* [ASSIGNMENT]: Return the material exactly, first line through the line containing "умовна. Тобто, такої", and nothing more. Pictures stay out.

(ENTRIES PROVIDED begins)

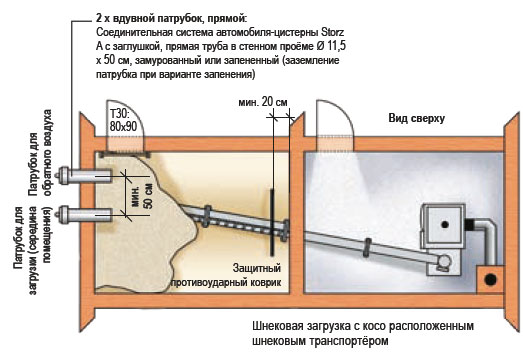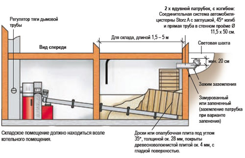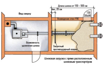 При оптимальному розміщенні котельного і складського приміщень один біля одного подача пелет проходить з допомогою шнекового транспортера системної конструкції прямо в опалювальний котел.
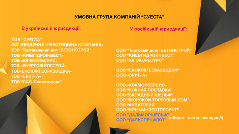 Група компаній «Суеста» — умовна. Тобто, такої юридичної особи не існує, але є ТОВ «Суеста», зареєстроване в поки що окупованому Донецьку. Без пов’язаних з ними неприбуткових організацій (що також були засновниками цілої низки підприємств), до ГК «Суеста» можна занести близько десятка українських компаній. Більшість із них мають двійників у російській юрисдикції, тобто, після окупації Криму були зареєстровані ще й у державному реєстрі РФ. Окрім двох: ЗАТ «Південна інвестиційна компанія» та ТОВ «Суеста» (яка, втім, є засновницею «російського» ООО «Южная гавань»).
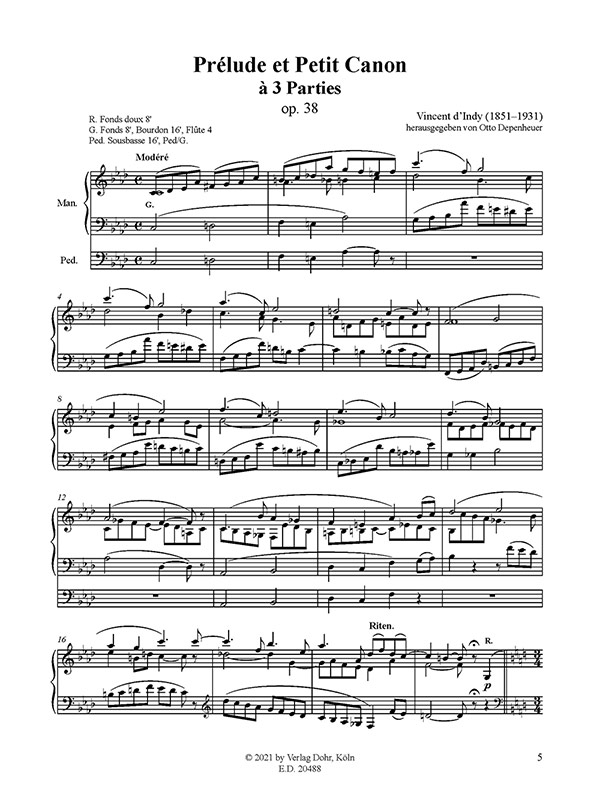 Zu dieser AusgabeAuf die Entwicklung der französischen Musik gegen Ende des 19. Jahrhundert übte Vincent d’Indy ähnlich großen Einfluss aus wie sein Zeitgenosse Charles-Marie Widor: kompositorisch in fast allen musikalischen Genres präsent, hat er ein ebenso umfassendes wie bedeutendes symphonisches Œuvre hinterlassen, in dem freilich das Orgelwerk des zeitweiligen Organisten (in Saint-Leu-la-Forêt) und Mitbegründers der Schola Cantorum bemerkenswert überschaubar bleibt.Alle genuin für die Orgel komponierten Werke eignet ihnen ein ausgesprochen kontemplativer, religiös inspirierter und nobler Gestus, dem jeder exaltierte Selbstdarstellungsgestus fremd ist. Strenge und filigrane Satztechnik stehen ganz im Dienst der musikalischen Aussage. "Prélude et petit Canon" op. 38 entstand 1893. Das Thema prägt zusammen mit seinem Kontrapunkt sowohl das Prélude wie den Kanon, erscheint in der Reprise in der Umkehrung, bevor die aparte Komposition mit dem Kanon endet. Die "Vêpres du Commun des Saints" op. 51 komponierte d’Indy 1899; sie erschienen erstmals 1907 im Eigenverlag der Schola Cantorum. Die Bearbeitung der gregorianischen Vorlagen erfreute sich seinerzeit großer Beliebtheit. Die "Petite Chanson grégorienne" op. 60 zeugt einmal mehr von der lebenslangen Verbundenheit d’Indys zur gregorianischen Musik. Diese aparte Miniatur erschien in der Originalbesetzung für Klavier zu vier Händen im "Album pour Enfants petits et grands. Receuil de Pièces de piano, à 2 et 4 ms, composée par un group des musiciens de la Schola Cantorum" (1904/1905). Das "Prélude" op. 66 erschien erstmals 1911 in einer Fassung für "Orgel oder Harmonium" im ersten Band der von Joseph Joubert (1878–1963) herausgegebenen "Les Maîtres contemporains de l’Orgue" Die Orgelfassung erschien 1913 bei Durand (Paris). (Otto Depenheuer) |
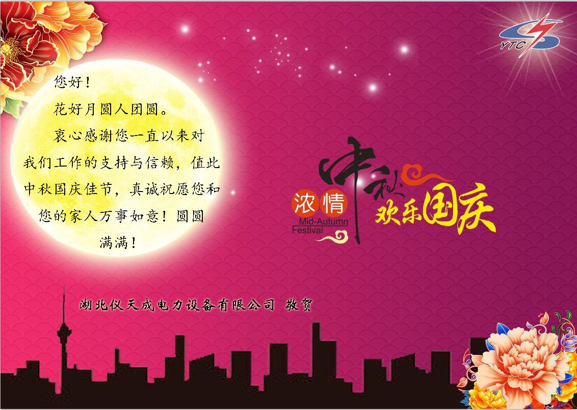 在這舉國歡慶的時刻,湖北儀天成電力設備有限公司衷心的祝愿祝所有的員工,所有的新老客戶,國慶節以及中秋節快樂!
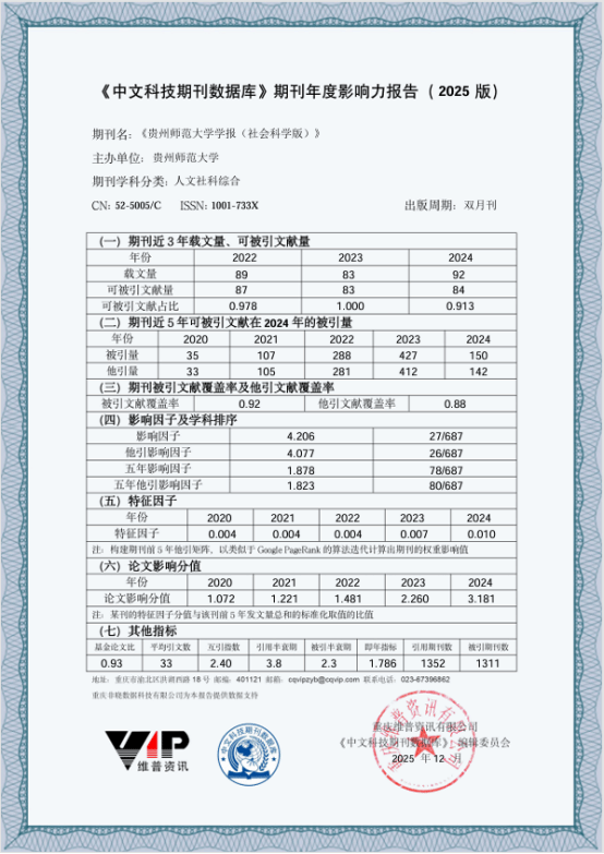 根据《中文科技期刊数据库》期刊年度影响力报告(2025年版)显示,本刊影响因子为4.206,在687种人文社科综合学科期刊中位列前27名;他引影响因子为4.077,在687种人文社科综合学科期刊中位列前26名。
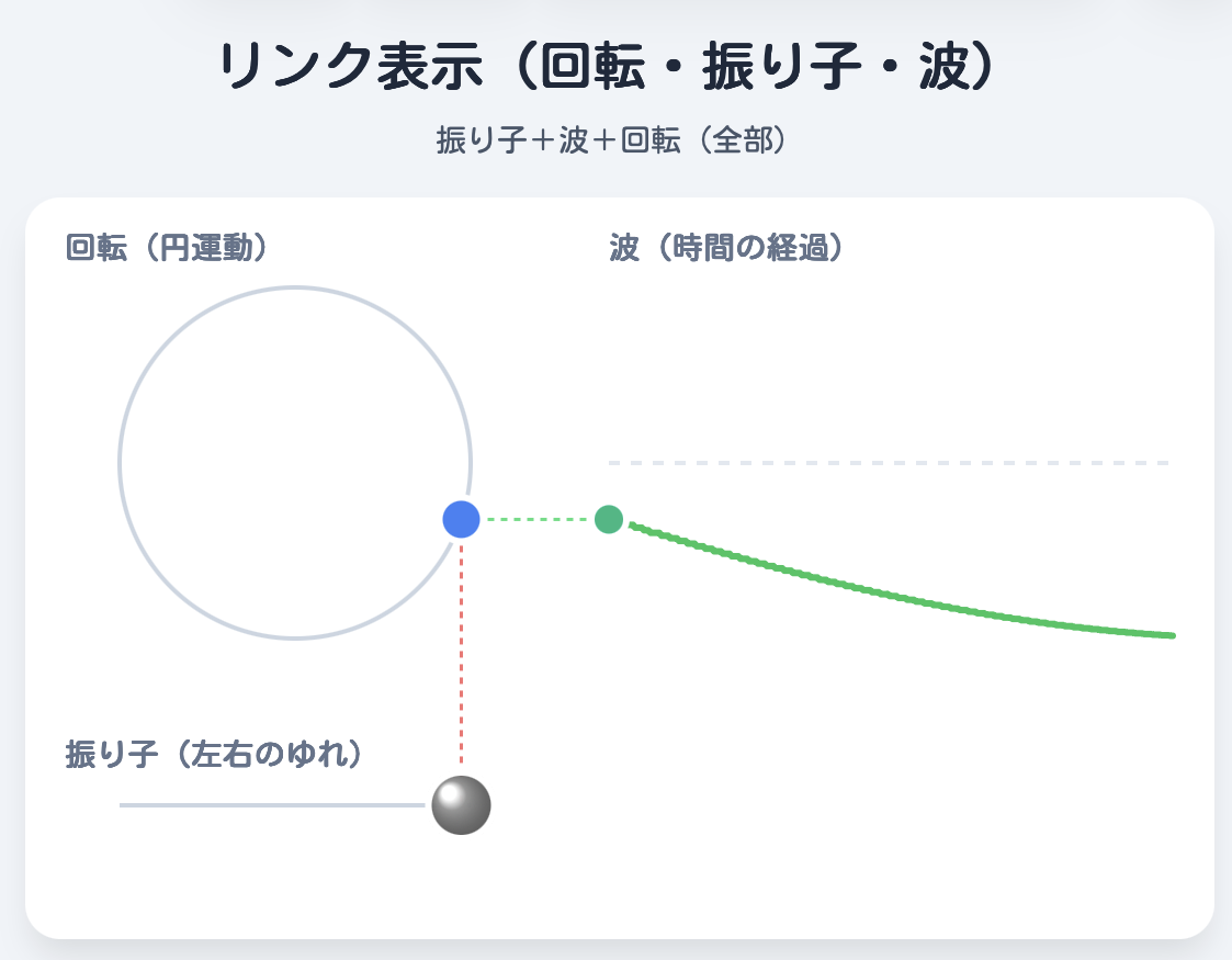 振り子 振り子・回転・波のリンクイメージ 理科 2026.02.02 使ってみる👉振り子アプリ 振り子を見ていると落ち着く子のために作りました。 ところが、作っている間に、回転や波とリンクさせたくなってしまい、変なアプリになってしまいました。 せっかく作ったので公開しますが、役に立つかな? 使ってみる👉振り子アプリ

(ENTRIES PROVIDED ends)

* [YOUR RESPONSE]:
 При оптимальному розміщенні котельного і складського приміщень один біля одного подача пелет проходить з допомогою шнекового транспортера системної конструкції прямо в опалювальний котел.
 Група компаній «Суеста» — умовна. Тобто, такої юридичної особи не існує, але є ТОВ «Суеста», зареєстроване в поки що окупованому Донецьку. Без пов’язаних з ними неприбуткових організацій (що також були засновниками цілої низки підприємств), до ГК «Суеста» можна занести близько десятка українських компаній. Більшість із них мають двійників у російській юрисдикції, тобто, після окупації Криму були зареєстровані ще й у державному реєстрі РФ. Окрім двох: ЗАТ «Південна інвестиційна компанія» та ТОВ «Суеста» (яка, втім, є засновницею «російського» ООО «Южная гавань»).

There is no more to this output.